Fit intercept logistic model
We have previously seen that we can fit a binomial GLM with something of the form
model <- glm(data = data,
cbind(y, n-y) ~ x,
family = 'binomial')
An alternative way to do this, which you might find more intuitive if you prefer to think of proportions and sample sizes is
model <- glm(data = data,
p ~ x,
family = 'binomial',
weights = n)
The weights argument to glm() tells R how big the denominator is in calculating p.
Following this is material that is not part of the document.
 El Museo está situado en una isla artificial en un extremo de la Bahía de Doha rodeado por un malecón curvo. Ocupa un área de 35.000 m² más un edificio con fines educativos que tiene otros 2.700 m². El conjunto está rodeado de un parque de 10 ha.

Here, p is the vaccine coverage proportion. Both will give the same result, but we leave it to you to use whatever feels most comfortable.
Exercise 4
- Fit a GLM with just an intercept. This will give us an idea of the average vaccine coverage across the study area.
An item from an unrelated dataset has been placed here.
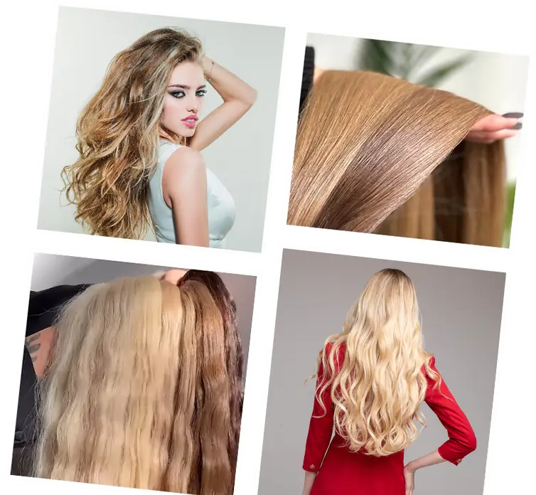 | Thin adhesive wefts bonded flat to the hair, close to the scalp. | Individual strands fused with a keratin bond. | Rows of hair attached via beads or sewing, so we don’t use heat or adhesives. |

mod_base <- glm(p ~ 1, data = adm2,
family = "binomial", weights = vacc_denom)
Take the inverse logit of the estimate of the intercept and its 95% confidence interval. What is the average vaccine coverage in the study region?
Extension: Re-fit the model without accounting for the weight. What happens to your estimate of the intercept?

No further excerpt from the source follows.